1. This petition arises out of an order passed by the Sub Divisional Officer (“SDO”) directing the resumption of land in the Government on the ground of breach of the condition of the order of regrant and breach of Section 63 of the Bombay Tenancy Act and Agricultural Lands Act, 1948 (now Maharashtra Tenancy and Agricultural Lands Act)(‘Tenancy Act’). Petitioner’s case:
2. The land, which is the subject matter of the proceedings, was originally Inam land, which was in the possession of one Keshav Laxman Jadhav-Sarnaik. After the death of Keshav, the names of his sons were entered in the revenue record on 24th October 1953 vide mutation entry no. 3306. On 30th April 1964, an order was passed recording the regrant of the land to the heirs and legal representatives of deceased Keshav on payment of Nazrana amount. The land was thereafter converted from Inam land to “Rayatwa Lands” on certain terms and conditions. The terms and conditions of the regrant were recorded by way of mutation entry NO. 6273 dated 8th December 1964. The members of the family of deceased Keshav sold the land to one Patel family by a registered sale deed dated 11th February 1970. Pursuant to the said sale deed, mutation entry no. 7412 was effected on 25th May 1970.

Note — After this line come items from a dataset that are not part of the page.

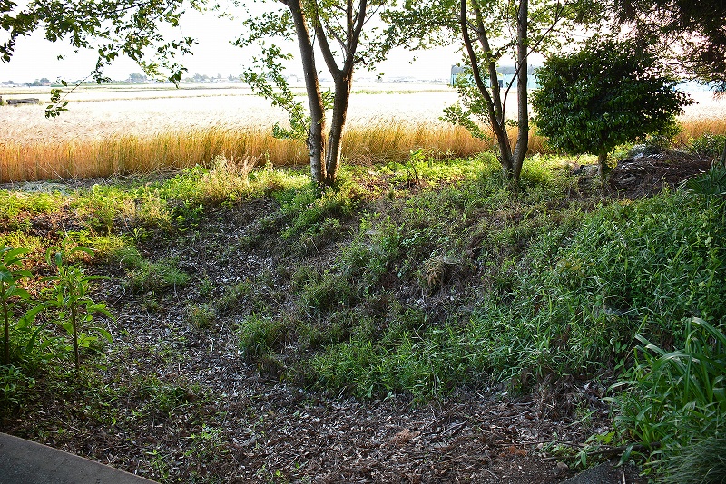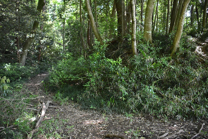 土塁の遠景 藪の中でひっそりと佇む土塁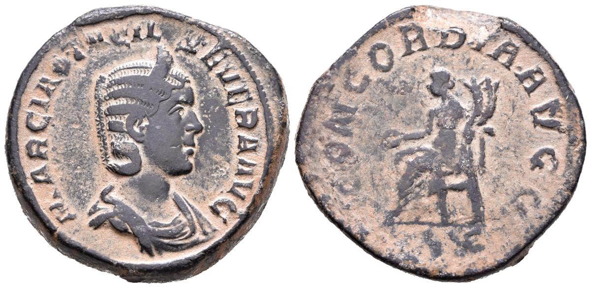 SEVERE OTACILIA. Sesterce. (Ae. 23.00g/31mm). 245-247 AD Rome. (RIC 203a). Obv: Diademed, draped and armored bust of Otacilia Severa right, around legend: MARCIA OTACILIA SEVERA AVG. Rev: Concordia seated left carrying patera and double marriage, below: Uncirculated, around legend: CONCORDIA AVGG. Almost Very Fine. Scarce copy. Added land.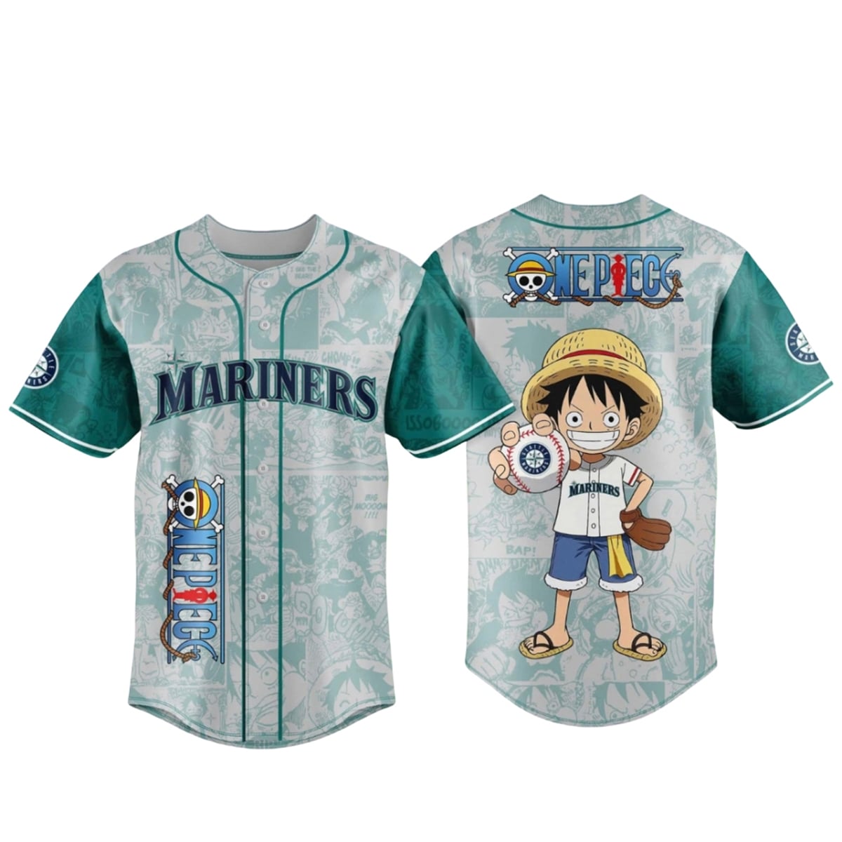 The jersey is a visual masterpiece that celebrates two legendary franchises. The design features a stunning all-over print consisting of classic manga panels in a subtle, monochromatic teal wash, perfectly aligned with the Mariners’ iconic color palette. On the front, the traditional “MARINERS” wordmark arches proudly across the chest, anchored by a customized One Piece logo running vertically down the side, where the classic Jolly Roger skull is seamlessly integrated with the Mariners’ compass rose.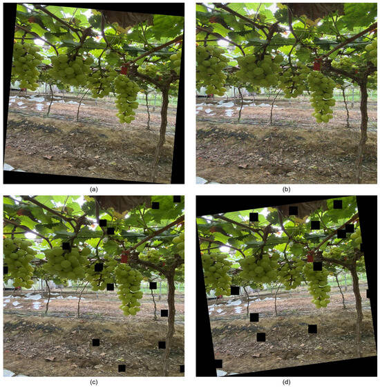 (a) Rotation, simulating various capture angles in real orchard environments; (b) image blurring, mimicking motion blur caused by wind or camera movement; (c) noise addition, emulating sensor noise and environmental interferences, and (d) combined rotation and noise addition, demonstrating the effect of both geometric and visual distortions.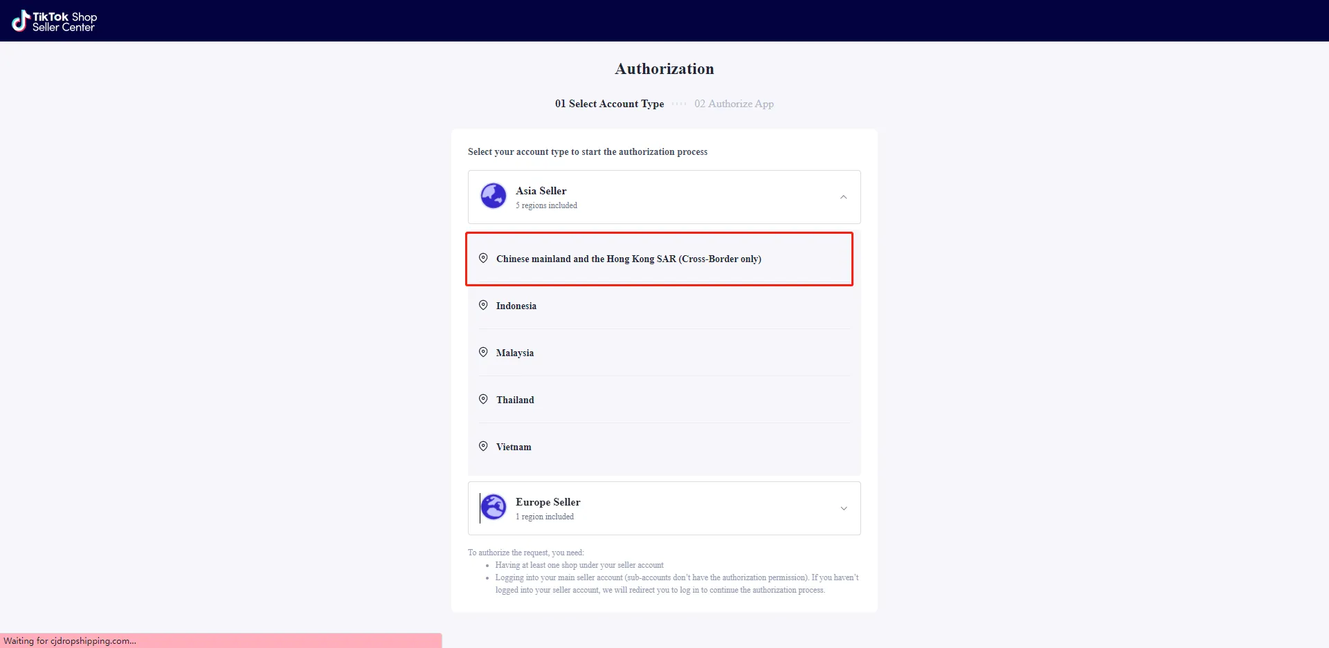 Special note: Please select the Chinese mainland and the HK SAR in the account type option no matter where your business lies.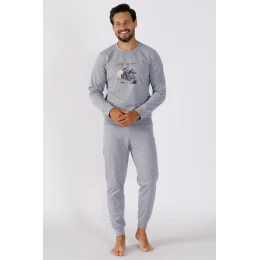 Pánské pyžamo z kvalitní, měkké, melanžové bavlny, tričko s dlouhými rukávy a potiskem na přední straně, dlouhé hladké kalhoty s výstřihem, manžetami a spodním lemem s pohodlnou šňůrkou.

3. The petitioner-society was formed in the year 1979. The petitioner made an application to the Assistant Registrar, seeking permission to open a bank account, and by order dated 19th March 1979, permission was granted to the petitioner to open a bank account. A sale deed was executed on 14th November 1985 in favour of the petitioner in respect of the said land. Thereafter, on 7th August 1986, the petitioner society was registered, and the registration certificate was issued. The petitioner was classified as a tenant/ownership society with a total of 33 members. On 4th August 1986, a no objection certificate was issued by the Kolhapur Municipal Corporation for sanitation and health for the layout of the petitioner. A mutation entry no. 13212 was effected on 4th April 1987 for recording the name of the petitioner as proposed society in respect of the subject land. By way of mutation entry no. 16139, the name of the petitioner was corrected in the revenue record by removing the word ‘proposed’. The corporation thereafter sanctioned a layout plan for 33 plots for the members of the petitioner in the subject land. As per the sanctioned layout, the society allotted plots to 33 members and handed over actual physical possession of the respective plots.

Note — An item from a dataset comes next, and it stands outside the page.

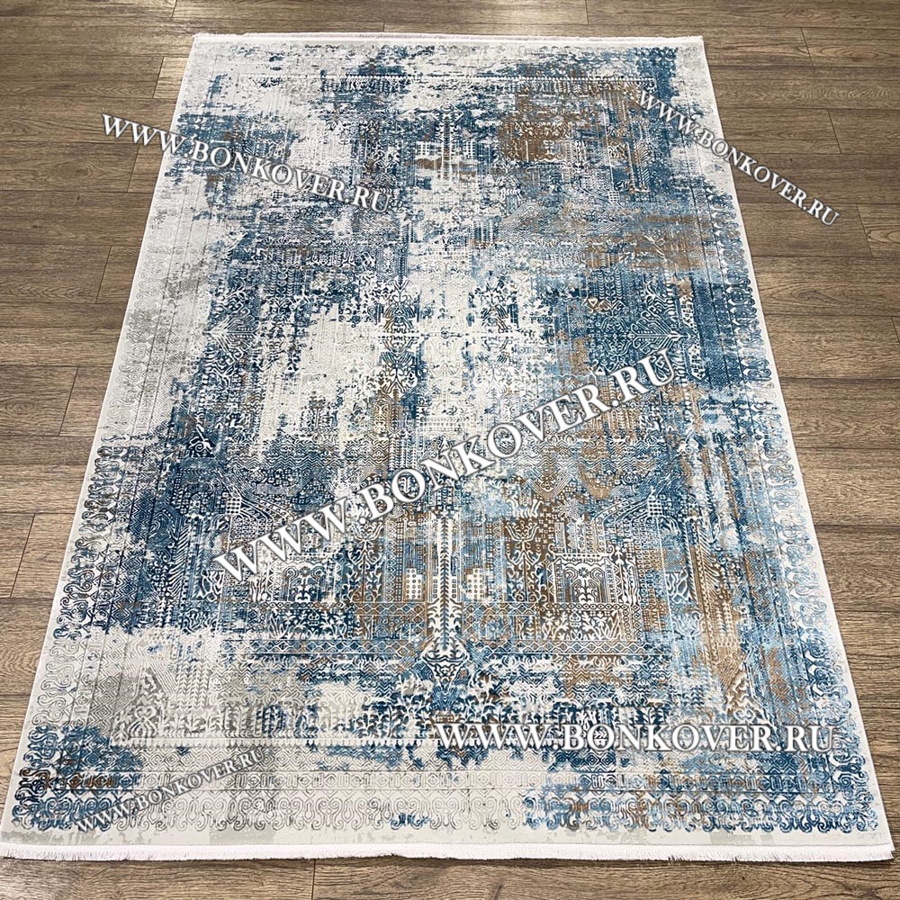 Высокоплотный Премиальный Ковер из вискозы Дизайн 02 Голубой с Бежевым станет стильным преображением жилого помещения, подчеркивая высокий статус семьи владельца.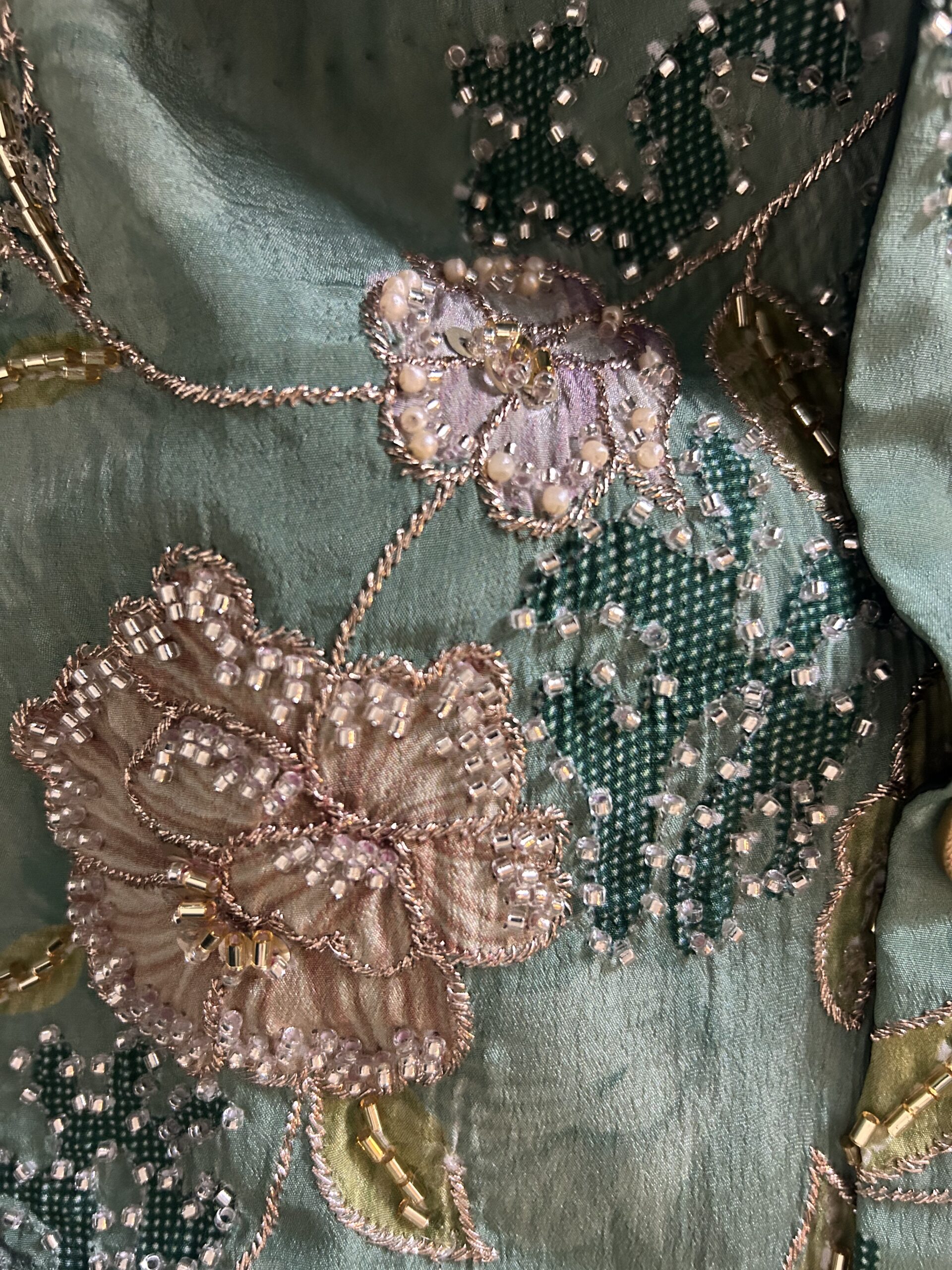 It is paired with tailored crepe satin pants designed with kalis for a flattering, structured fit.

4. Members of the society made an application to enter their names in the revenue record with respect to the respective plots allotted to them. By mutation entry no.16950, the names of the members were entered into the revenue record on 21st July 1994 as against their respective allotment of plots. On 7th November 1988, a few members of the petitioner applied for the conversion of their respective plots to non-agricultural use. Since there was no response received on the said application, the petitioner considered it as deemed permission under Section 44(3) of the Maharashtra Land Revenue Code 1966 (“MLRC”). By order dated 13th 1989, the learned Collector passed an order granting permission for non-agricultural use for plot no. 7, and by order dated 21st December 1990, permission for non-agricultural use was granted for another plot no. 29.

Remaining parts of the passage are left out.